Last October, the White House announced the Biden-Harris Administration’s implementation of a more integrated and holistic approach to counter-narcotics in Colombia. This bilateral strategy – which USAID works closely to implement with our State Department colleagues – aims to make eradication gains more sustainable by better integrating expanded state presence, licit economic opportunities, and strengthening the social fabric of communities weakened by decades of conflict. The strategy links counter-narcotics progress to peace, as there is close geographic overlap between drug crops and Peace Accord implementation. USAID works closely with Bureau of International Narcotics and Law Enforcement Affairs (INL) and others across the interagency to assist Colombia in the pursuit of the goals of this strategy that better balances a range of complementary interventions including access to state services, institutional presence, rule of law to guarantee basic constitutional rights, income for licit producers, eradication of coca, and permanent territorial control.

An example of this integrated approach is our amplified focus on land formalization, including titling, as an important precondition to licit development. USAID is betting heavily on the power of land ownership as the best determinant of how that land is used into the future. Formal title to land opens access to credit and allows the titleholder the security to make long-term investments in their plot. It also creates iron-clad incentives to stay legal by giving the government the power to sanction the owner with confiscation. Land titling promises important coca reduction benefits, given estimates that recidivism rates for coca cultivation without a land title is 70 to 75 percent, whereas it is 20 percent with a land title. USAID has piloted municipal-wide titling sweeps in areas emblematic of armed conflict, like Colombia’s Montes de Maria area, which was victimized by successive waves of FARC and paramilitary abuses.

Having partnered with the Colombian government to deliver over 2,500 rural titles in just one municipality in this area - the first massive land titling initiative in Colombia’s history - USAID’s approach takes these processes to areas where our conflict, coca, and peace goals coincide. The Agency is intensively mapping and collecting household data to process land titles in the first of three priority municipalities that were agreed to during last October’s High Level Dialogue with Colombia. USAID anticipates using this as a test case for success in other coca growing municipalities. We know that land is at the heart of Colombia’s conflict and are convinced that it must be central to the solution.

Protecting Human Rights

Coca cultivation is closely linked to violence and human rights violations. As the FARC laid down its arms under the Peace Accord, criminal gangs have entered into violent competition to control territory and illegal economies. Social and environmental leaders - the voice of peaceful advocacy for the democratic rights of rural communities – have become even more vulnerable to violent attack.

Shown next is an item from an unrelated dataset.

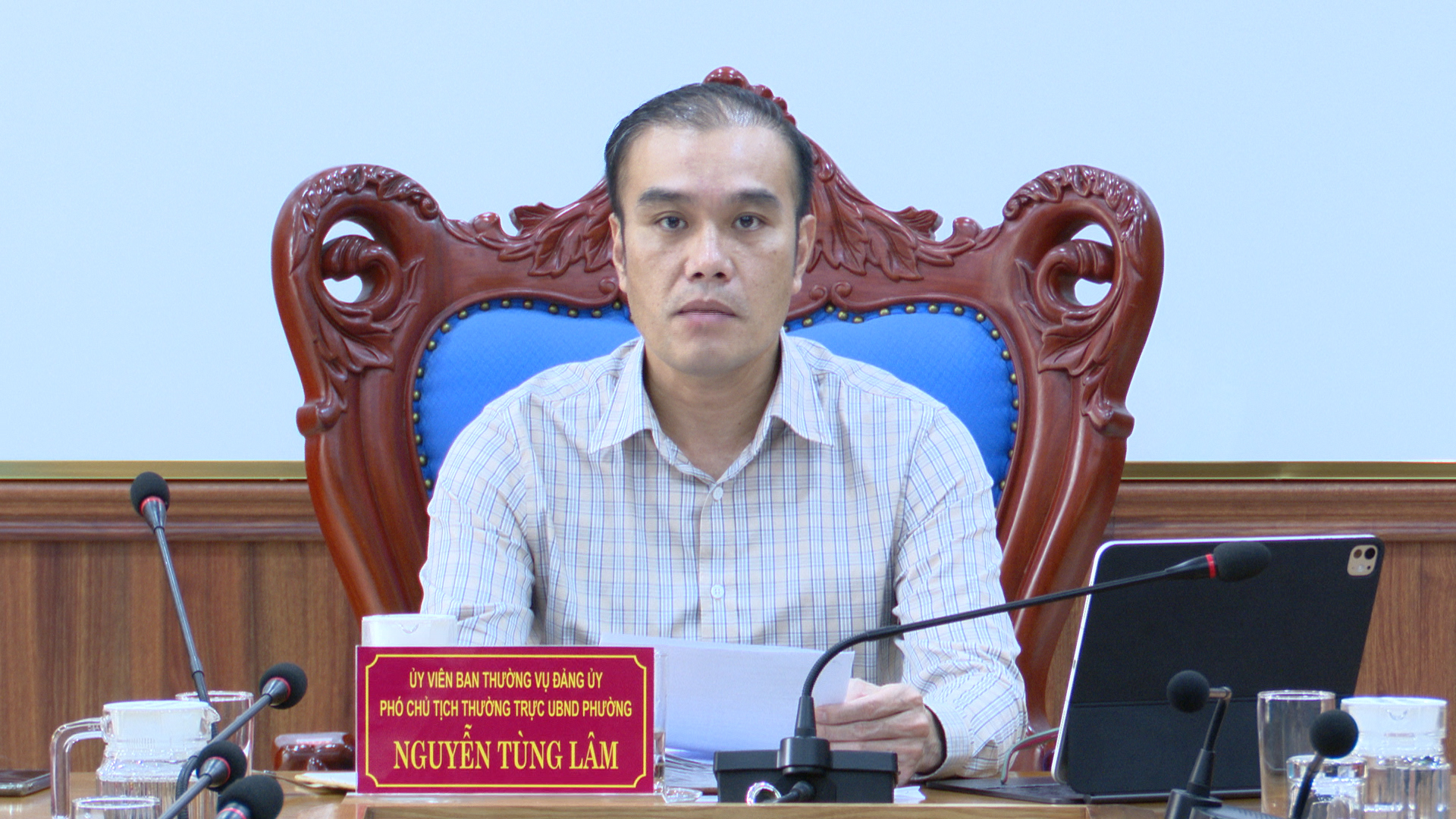 Đồng chí Nguyễn Tùng Lâm – Uỷ viên Ban Thường vụ Đảng uỷ, Phó Chủ tịch Thường trực UBND phường phát biểu kết luận cuộc họp

What is clear is that if you are a Colombian environmental defender, your life may be directly at risk. If you organize to promote victims’ rights or repossession of stolen land, you can expect to be a target. If you promote a vision of your territory that is less dependent on coca or illegal mining, you expose yourself to real danger. And if you are a child, vulnerable while out of school and with your family facing increased socio-economic hardship, you are at increased risk of forceful recruitment by illegal armed groups. In line with historic trends, violence disproportionately affects diverse ethnic communities.

In the face of the chilling rise in threats and murders of social leaders, USAID has deepened efforts to support human rights defenders and environmental leaders. We helped the National Protection Unit - a government entity USAID was instrumental in establishing - to tailor life-saving protection plans for women, Afro-Colombian, and indigenous leaders, resulting in more effective use of collective protection.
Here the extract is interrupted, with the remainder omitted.